Rail fastening systems
A rail fastening system is the complete assembly — spring clip, rail pad, insulator, and anchor — that attaches the rail foot to the sleeper, maintaining track gauge and alignment while providing controlled vertical elasticity to absorb dynamic wheel loads.
Each fastening must do four things simultaneously. It must fix the rail against vertical lift under dynamic loading. It must resist longitudinal rail creep, which in continuous welded rail accumulates as thermal cycles and traffic impose net longitudinal force. It must provide electrical insulation between rail and sleeper, measured as a minimum electrical resistance of 5 kΩ per fastening under wet conditions to preserve track circuit integrity.
And it must allow a defined amount of elasticity — typically 1–2 mm vertical deflection under wheel load — to reduce peak contact stress on the sleeper and rail base.
All four requirements
Spring clip designs address all four requirements without bolts or nuts. The Pandrol e-clip, an omega-shaped spring steel rod, applies a downward toe load of 9–12 kN onto the rail foot through spring tension alone.
The Vossloh SKL series uses a W-shaped tension clamp held by an insulating guide plate and a ribbed baseplate. Both systems are specified to EN 13481, the European performance standard for rail fastening systems, which defines test methods for toe load, longitudinal restraint, electrical resistance, and fatigue life.
EN 13481 is a multi-part standard; Part 2 covers concrete sleeper applications, Part 5 covers slab track, and Part 8 covers heavy axle load conditions above 260 kN per axle.
Market structure
Pandrol and Vossloh Fastening Systems are the two dominant suppliers on European main-line and high-speed infrastructure. Pandrol’s e-clip and Fastclip systems are standard on SNCF (France), Network Rail (UK), and many metro and Asian networks.
Vossloh’s SKL-series clips are the standard on Deutsche Bahn and most Central European networks. Both suppliers are active in more than 85 countries. The product choice on any given network is largely determined by historical procurement relationships and the shoulder geometry already cast into existing concrete sleepers, which is specific to each clip family.
The rail pad — a polymer element inserted between rail base and sleeper — determines the vertical stiffness of the fastening assembly. Stiffer pads, with a static stiffness of 80–200 kN/mm, are used where settlement control and gauge stability are priorities.
Softer pads, at 30–60 kN/mm, are used in urban environments to reduce structure-borne noise and vibration transmission into adjacent buildings.

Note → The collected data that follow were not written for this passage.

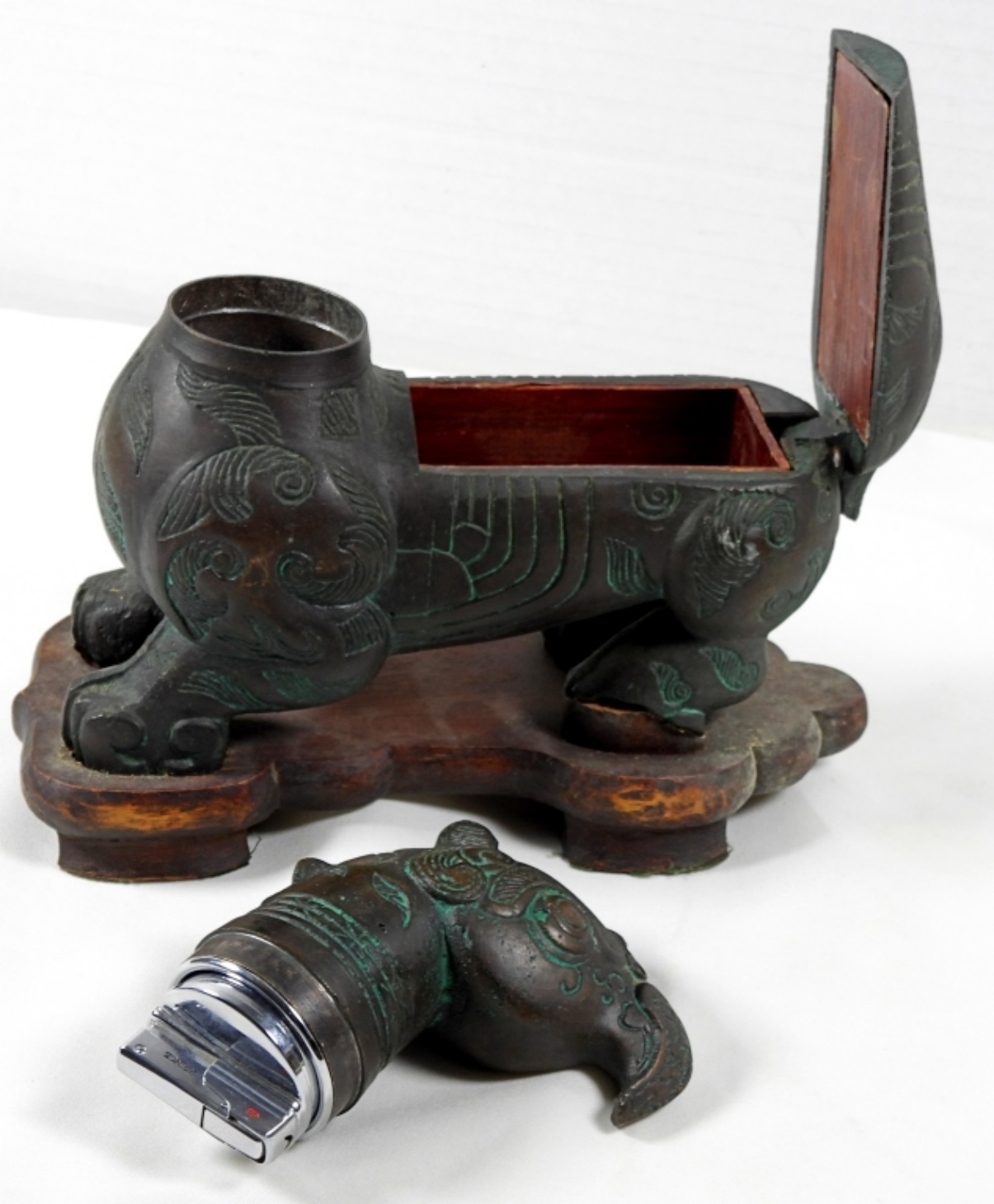 MADE BY JAMES MONT, SOME WEAR ON THE BACK AND SIDE, BACK OPENS UP AND HEAD POPS OFF TO GET TO YOUR PRINCE LIGHTER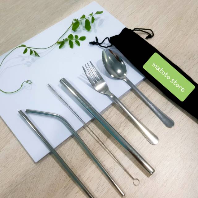 Package 7 in 1 :- 1 pc sedotan bubble,- 1 pc sedotan lurus standard,- 1 pc sedotan bengkok standard,- 1 pc sikat sedotan- 1 pc Velvet pouch- 1 ea dinner spoon- 1 ea dinner forkSedotan Stainless Stell Sendok GarpuMaterial Sedotan stainles SUS 304 ya sangat mengkilap dan Matrial Stainless 410 untuk Sendok dan Garpu(Best Stainless Steel CUTLERY Material than the Others & Food Gr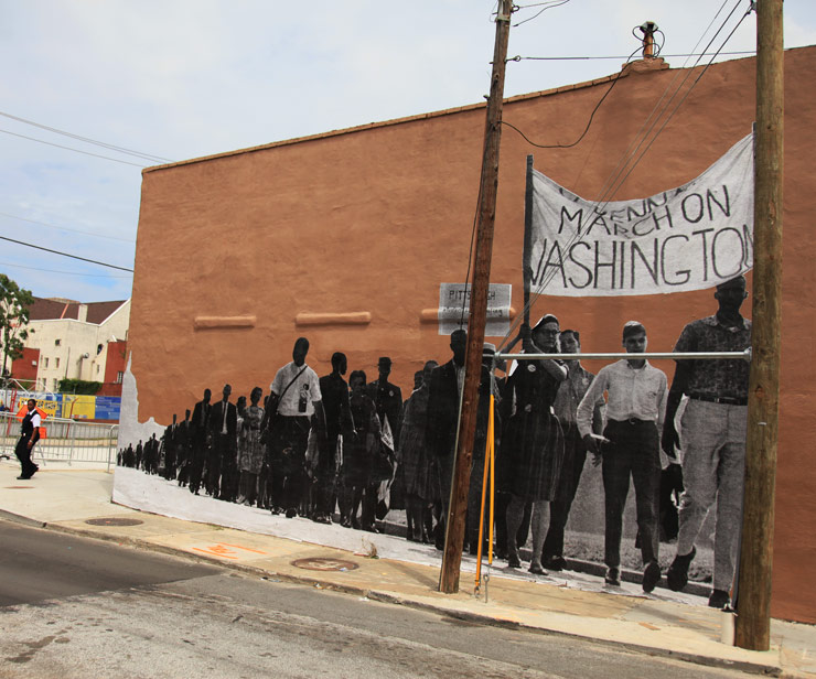 Street Artist J R opened his first US solo exhibition at the Contemporary Arts Center (CAC) in Cincinnati in September and today we have some images of his assistants and volunteers making installations of the work. Running through February, the exhibition features more than a decade’s worth of work done in public space including photography, video projects, sculptural installation, and wheat pasted images. As he did during his Times Square visit this spring/summer, J R will have a mobile photo booth housed inside a van to drive around the greater metropolitan area for people to have their photograph taken and to possibly be wheat-pasted in Cincinnati’s Fountain Square.

Maintenance and replacement
Elastic spring clips do not require scheduled retightening, which is their principal maintenance advantage over bolt-fastened systems.
Wear and degradation mechanisms include fatigue cracking of the clip, UV degradation of polymer insulators, and abrasion of the rail pad. Infrastructure managers track fastening condition through visual inspection during walking inspections and, on high-frequency lines, through automated optical inspection mounted on measurement vehicles.
Regulatory framework
Performance requirements follow the EN 13481 series under CEN/TC 256. Test methods for longitudinal restraint, electrical resistance, toe load, and stiffness are covered by the parallel EN 13146 series.
New fastening systems installed on interoperable lines must comply with the Infrastructure Technical Specification for Interoperability (INF TSI) within Implementing Regulation (EU) 2019/773.